Regardless of what the theories may be about manuscript delivery, the fact remains that it does not work out with efficiency. Avoid it whenever at all possible.
Committing the Written Speech and Speaking from Memory
This method has certain points in its favor. If you have time and leisure, it is possible to polish and rewrite your ideas until they are expressed in clear, concise terms. Pope sometimes spent a whole day in perfecting one couplet. Gibbon consumed twenty years gathering material for and rewriting the “Decline and Fall of the Roman Empire.” Although you cannot devote such painstaking preparation to a speech, you should take time to eliminate useless words, crowd whole paragraphs into a sentence and choose proper illustrations. Good speeches, like plays, are not written; they are rewritten. The National Cash Register Company follows this plan with their most efficient selling organization: they require their salesmen to memorize verbatim a selling talk. They maintain that there is one best way of putting their selling arguments, and they insist that each salesman use this ideal way rather than employ any haphazard phrases that may come into his mind at the moment.

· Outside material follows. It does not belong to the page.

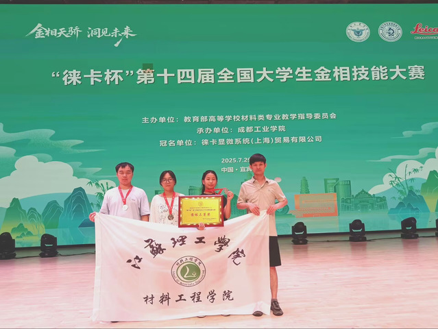 7月25至30日,第十四届全国大学生金相技能大赛在成都工业学院宜宾校区落幕。经过指导教师前期理论及操作培训,校赛、省赛选拔以及国赛555所高校的2000余名选手激烈角逐,我校23金属1班杜江威、23材控3Z班丁思语、23材控3Z班叶如梦3人分别获实验技能赛道全国二等奖,23增材陈浩粼、23材控3Z班谢俊实2人分别获实验技能赛道全国三等奖,团队获全国团体三等奖;王健老师获大赛优秀指导教师,再次为我校取得了荣誉。全国大学生金相技能大赛连续6年入选《全国普通高校大学生竞赛分析报告》榜单,是材料类专业规格最高、制度最健全、规模最大、影响最广泛的全国性大学生学科赛事,旨在通过“以赛代练”提升学生专业技能、工匠精神和科学素养,引导大学生努力成为精于一技、专于一业的高素质人才。

The method of writing and committing has been adopted by many noted speakers; Julius Caesar, Robert Ingersoll, and, on some occasions, Wendell Phillips, were distinguished examples. The wonderful effects achieved by famous actors were, of course, accomplished through the delivery of memorized lines.
The inexperienced speaker must be warned before attempting this method of delivery that it is difficult and trying. It requires much skill to make it efficient. The memorized lines of the young speaker will usually sound like memorized words, and repel.
If you want to hear an example, listen to a department store demonstrator repeat her memorized lingo about the newest furniture polish or breakfast food. It requires training to make a memorized speech sound fresh and spontaneous, and, unless you have a fine native memory, in each instance the finished product necessitates much labor. Should you forget a part of your speech or miss a few words, you are liable to be so confused that, like Mark Twain’s guide in Rome, you will be compelled to repeat your lines from the beginning.
On the other hand, you may be so taken up with trying to recall your written words that you will not abandon yourself to the spirit of your address, and so fail to deliver it with that spontaneity which is so vital to forceful delivery.
But do not let these difficulties frighten you. If committing seems best to you, give it a faithful trial. Do not be deterred by its pitfalls, but by resolute practise avoid them.
One of the best ways to rise superior to these difficulties is to do as Dr. Wallace Radcliffe often does: commit without writing the speech, making practically all the preparation mentally, without putting pen to paper—a laborious but effective way of cultivating both mind and memory.